We were awakened around dawn in Baraga by the chill, and the sounds of morning traffic on 41. The plan for the day was to hit a couple things in Iron Mountain, and start heading home along US-2. But we still were ahead of schedule by one day, so some extras were in order. Namely, something that neither of us had seen before. I proffered Menominee, since I had never yet had the chance or made the time to go down to that remote corner of the state. Usually by the time I get over to that side of the Yoopee, I’m in a hurry to get back home. Well this time, I was going to make an exception.

But first, a few other things had to be checked off, namely Canyon Falls, near Alberta. Little did I know, despite the lame-sounding name “Canyon Falls Roadside Park,” this was about to become one of my favorite beauty spots in all of Michigan. And to think of all the times I had simply bypassed it because it was next to a rest area and had a touristy name!


After a short hike we were standing next to the big falls. But it was not the falls that had my attention at all—it was the arresting beauty of the geology of the area.


The blue slate was marvelous, and the sheer cliffs topped by mature pine-cedar-hemlock forest just made it unimaginably Elysian.


Wide-eyed, I hiked further up the trail, amazed to see that this crazy scene kept going.


Then I remembered that this was actually a segment of the North Country Trail, and chances were that this kept going for miles, and I could hike all of it if I wanted to.


Navi seemed a little less into it than I was, most likely due to his shabby health and the cold early morning, but he had had his coffee this time, so too bad!


I scampered ahead eagerly, to see what marvels each new bend in the terrain would bring.


This is hands-down the most scenic river I now know of in the world. I don’t care what anyone says.


The canyon, not the falls, is what makes Canyon Falls sparkle. You expect to see places like this in glossy National Geographic spreads, from lands you’ll never get to go to, or hope to be able to pronounce.






















Navi acts unimpressed:


This stubborn tree demonstrates the true meaning of Sisu:




Finally the tall cliffs subsided and the river took on a more standard appearance, but there were still several waterfalls to be found downriver.


Though I couldn’t get enough of this river, I knew I had to give it up at some point.
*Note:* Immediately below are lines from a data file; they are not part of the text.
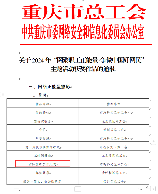 近日,在重庆市总工会、中共重庆市委网络安全和信息化委员会办公室发布的“关于2024年‘网聚职工正能量 争做中国好网民’主题活动获奖作品的通报”中,m88选送的作品《信仰的力量》(机关一工会、音乐学院工会)、《重师四普工作纪实》(历史与社会学院工会)分别荣获诵读作品二等奖、摄影作品三等奖。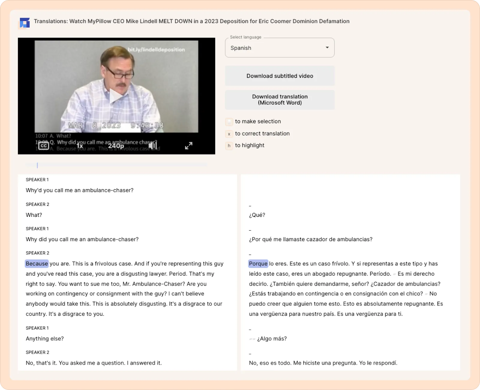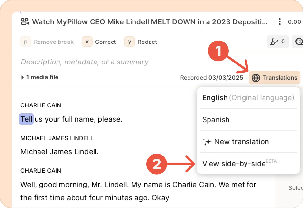 - A new window opens up with the original transcript on the left and the translations on the right. Translations are auto-synced, so you can click any word in the translation and Reduct will take you to that exact moment in the recording.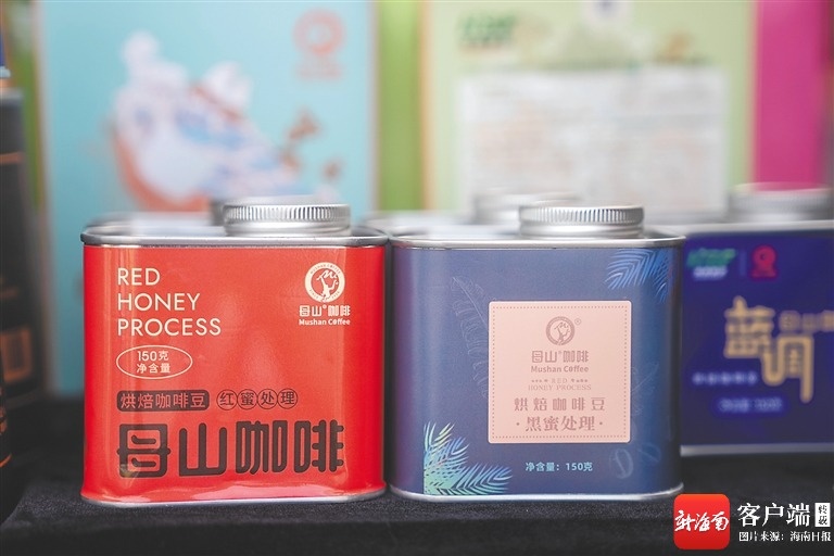 7月14日,在首届骑楼老街咖啡文化节上的母山咖啡产品。海南日报全媒体记者 李天平 摄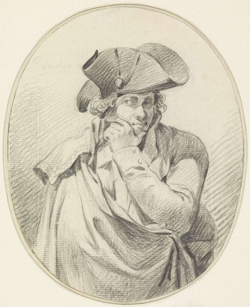 Editor: Here we have Ludwig Gottlieb Portman's "Portret van de man die hoefsmid was tijdens de opstand in Vendée", an engraving from 1805. The man's direct gaze is quite compelling. What strikes me is the ordinary portrayal of someone involved in a major historical event. What do you see in this piece, considering the context of the Vendée uprising? Curator: I see a potent intersection of class, revolution, and representation. The French Revolution was meant to uplift the common person, but the Vendée uprising reveals deep divisions. This portrait complicates the narrative of a unified revolution, as it presents a man who was both a common worker—a blacksmith—and a rebel. Portman's decision to portray him with such directness forces us to consider the individual stories often lost within broader historical movements. Editor: So it’s about questioning the dominant narrative? How does his identity as a blacksmith during the uprising change our interpretation? Curator: Absolutely. Blacksmiths, like other artisans, held a particular place in the social order. They weren’t nobles, but they also weren’t the poorest peasants. The Vendée uprising was fueled by a complex mix of factors, including resentment towards the centralizing power of Paris, religious fervor, and economic grievances. This blacksmith's participation underscores the multifaceted nature of resistance and the ways in which identity informed political action. How does his attire, in particular his hat, speak to this identity and resistance? Editor: Now that you mention it, his hat almost seems like a symbol of defiance or at least some form of social statement, not what you would expect from someone of the working class. Curator: Precisely! His hat signifies a localized identity, pushing against the fashion dictates of Paris and the Republic, thereby reclaiming identity. It really causes one to reflect upon resistance and identity. Editor: I see that now! I was focused on the face and forgot how even clothing choices can make a statement. It offers a different entry point into the complexities of revolution and representation. Curator: Indeed. Analyzing this portrait allows us to appreciate how seemingly simple artistic choices—the direct gaze, the inclusion of his tools, the detailed engraving of his clothes – all contribute to a richer understanding of this pivotal historical moment.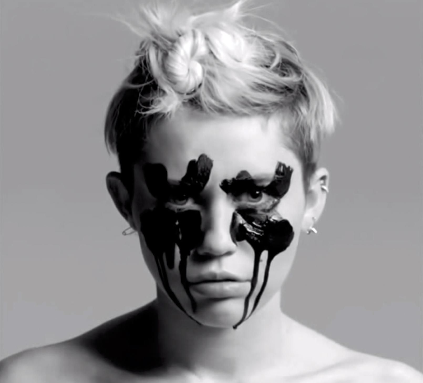 The video, produced in collaboration with Quentin Jones, already working for Kenzo and Louis Vuitton, is a cut out of black and white images and references to the world of bondage: Miley flapping her huge eyelashes, tight in latex ropes, provokes and plays with the codes of eroticism.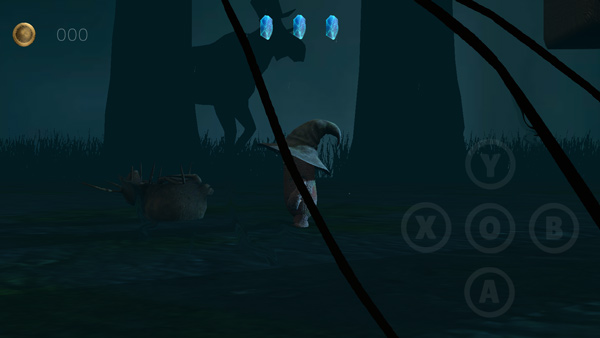 3、进入游戏后如图,左边控制移动,右边Y键为旋转攻击,A键为跳跃,B键为下蹲爬行;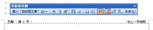 选择菜单“视图—页眉与页脚”,光标自动定位在第3页的页眉,并弹出菜单,选择页脚,此时页脚处右上角有显示“与上一节相同”。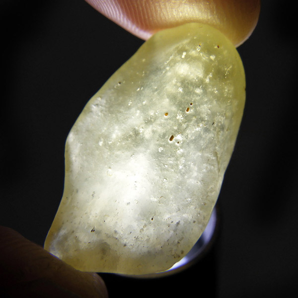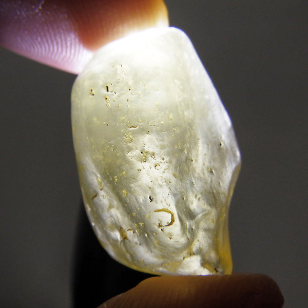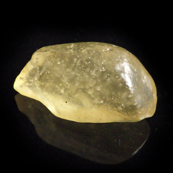 エジプト産、リビアングラスのタンブルです。リビアングラスはエジプト西部のリビア砂漠で採れる天然ガラスです。どのように生成されたかはっきりした事は解明されていませんが、モルダバイトのように宇宙を起源とし、隕石の衝突などで起こった巨大な熱反応によって地表の岩盤の一部を溶かして、偶然出来上がったものだという見方が一般的です。奇跡的に生まれた鉱物であるリビアングラスは、エジプトの限られた場所でしか採れないため大変希少です。

Navi was lagging behind, and we were at least a mile or two from the car. I wiped the drool from my chin, and we walked back.


The Iron County Courthouse in Crystal Falls was our next stop as we made our way onto US-141. I had always wanted to see the inside, so we did.


I had once read that this place had ridiculous, almost medieval-style wrought iron chandeliers (celebrating Iron County’s ferrous riches, of course), but so far I wasn’t seeing anything like that.


The view I had come for:


The Iron County Courthouse commands an extremely stately position atop the hill of the town. Unfortunately we couldn’t get up in the clocktower.

Next we quickly ended up in Florence, Wisconsin, since that’s where US-2 takes you on the way to Iron Mountain. More county courthouse action:




I'm not sure if we were allowed to go in the old jail, but we did anyway.


In Iron Mountain we hit our third one, the Dickinson County Courthouse:


…and jail:


Or should I say gaol? Donjon? These windows are pretty medieval:


Then again it’s probably pretty tough trying to keep a riled-up iron miner or lumberjack caged.